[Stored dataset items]
= = = = =

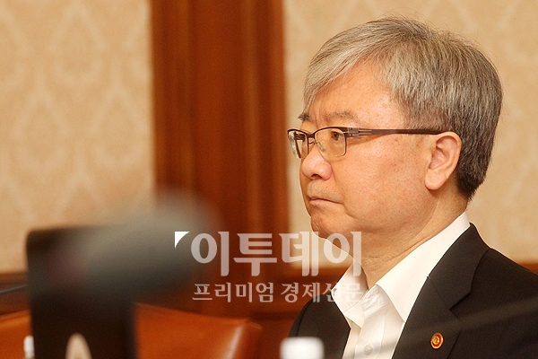 검찰의 저축은행 비리 3차 수사가 진행되면서 저축은행 임원진들의 횡령 등 온갖 의혹이 불거지고 있는 8일 오전 김석동 금융위원장(오른쪽)이 서울 세종로 정부중앙청사에서 열린 국무회의에 심각한 표정으로 참석하고 있다.
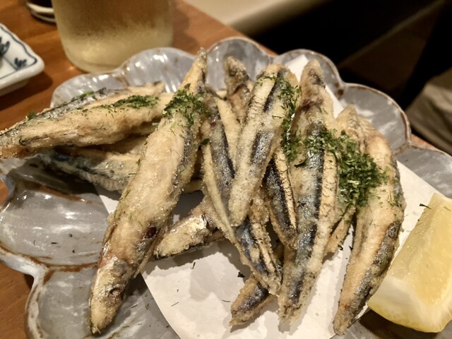 ○「きびなご塩焼(税抜¥680)」見た目が中々に壮観で、かなり大ぶりです。ふくよかな仕上がりで、軽い苦みと特有の旨みが十分に感じられます。
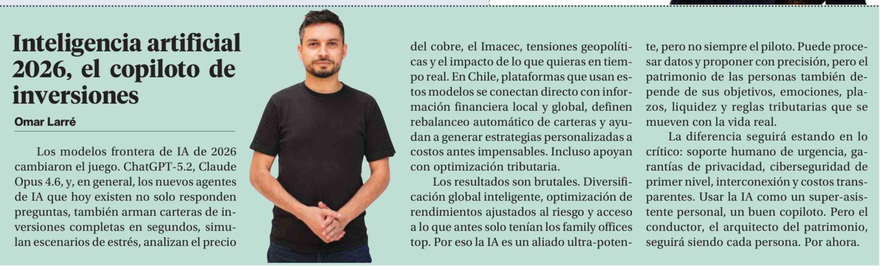 Columnas de Opinión: Inteligencia artificial 2026, el copiloto de inversiones
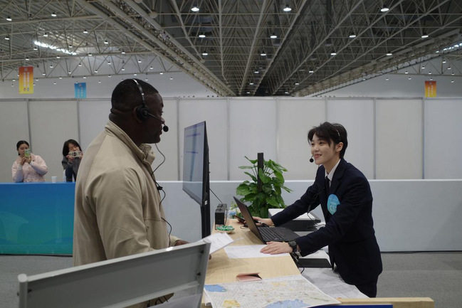 武汉职业技术公司参赛员工陈博宇自信地为外宾服务
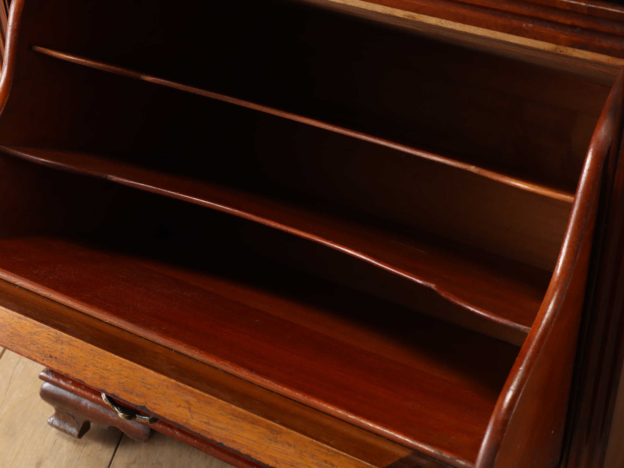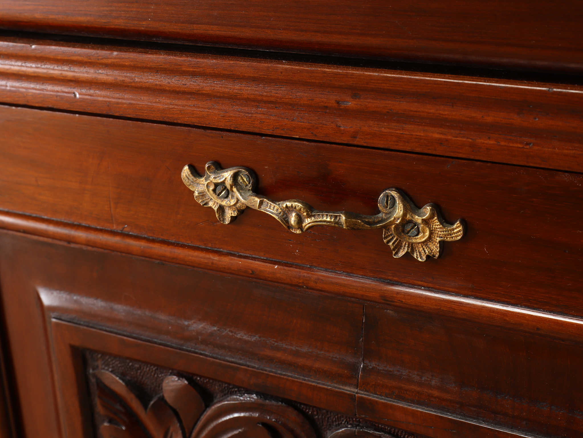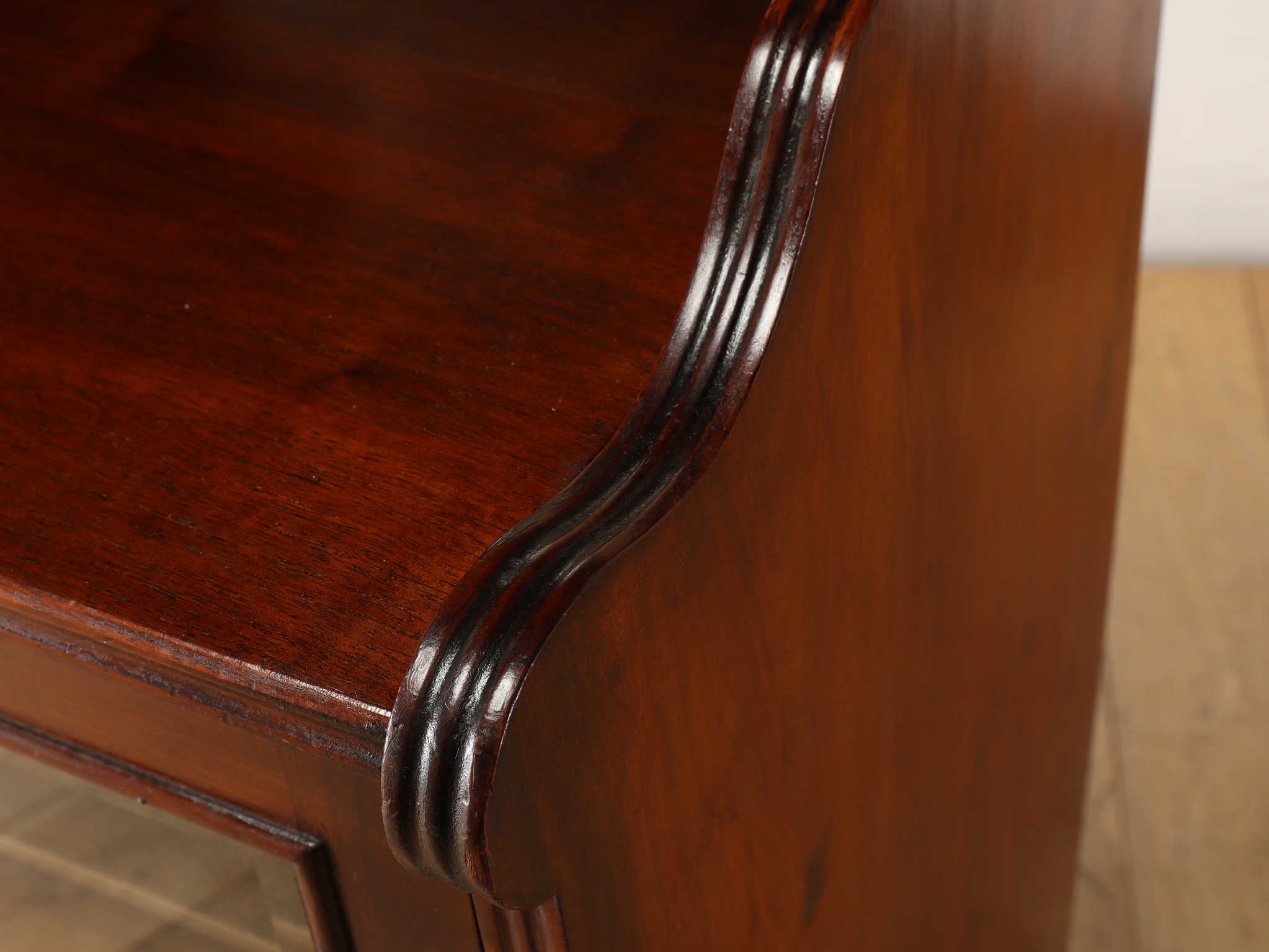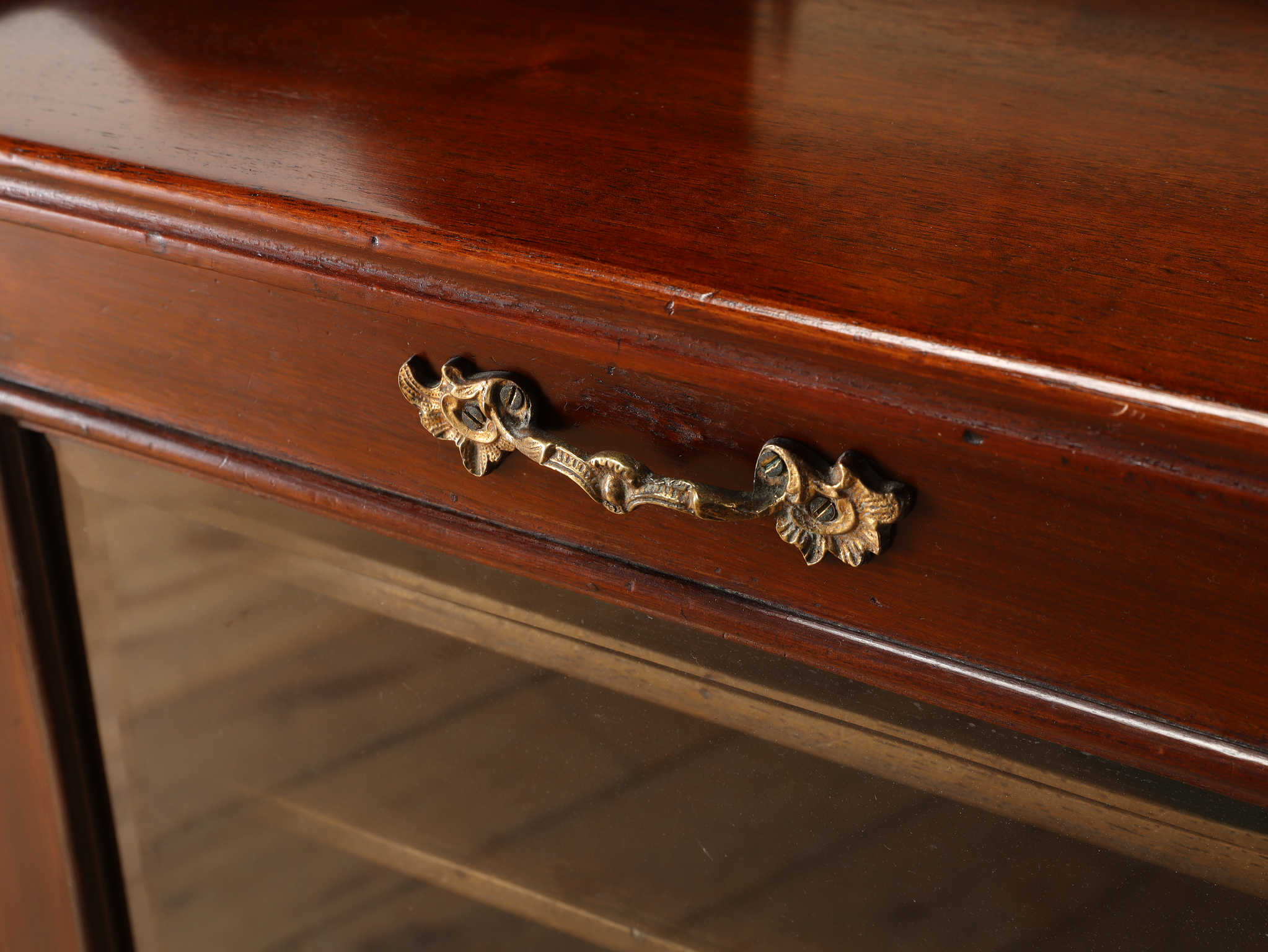 元来、レコード盤や楽譜などを収納する為に設計されたミュージックキャビネットと呼ばれる収納家具。アンティークにおいて、度々入荷のあるカテゴリーですが、デザインや材質など、様々なバリエーションがあり、一点物との出会いをより楽しめるとも言えます。その収納目的から、比較的小振りなものが多く、現代においてはディスプレイキャビネットやカップボードとして等、その用途は多岐に渡ります。こちらは上部にミラーが施されており、前に花やコレクションを並べていただくと奥行きがでて素敵な空間となるでしょう。

= = = = =

Transcribe all the lines above exactly, apart from the pictures.

- ANSWER SECTION:
 검찰의 저축은행 비리 3차 수사가 진행되면서 저축은행 임원진들의 횡령 등 온갖 의혹이 불거지고 있는 8일 오전 김석동 금융위원장(오른쪽)이 서울 세종로 정부중앙청사에서 열린 국무회의에 심각한 표정으로 참석하고 있다.
 ○「きびなご塩焼(税抜¥680)」見た目が中々に壮観で、かなり大ぶりです。ふくよかな仕上がりで、軽い苦みと特有の旨みが十分に感じられます。
 Columnas de Opinión: Inteligencia artificial 2026, el copiloto de inversiones
 武汉职业技术公司参赛员工陈博宇自信地为外宾服务
 元来、レコード盤や楽譜などを収納する為に設計されたミュージックキャビネットと呼ばれる収納家具。アンティークにおいて、度々入荷のあるカテゴリーですが、デザインや材質など、様々なバリエーションがあり、一点物との出会いをより楽しめるとも言えます。その収納目的から、比較的小振りなものが多く、現代においてはディスプレイキャビネットやカップボードとして等、その用途は多岐に渡ります。こちらは上部にミラーが施されており、前に花やコレクションを並べていただくと奥行きがでて素敵な空間となるでしょう。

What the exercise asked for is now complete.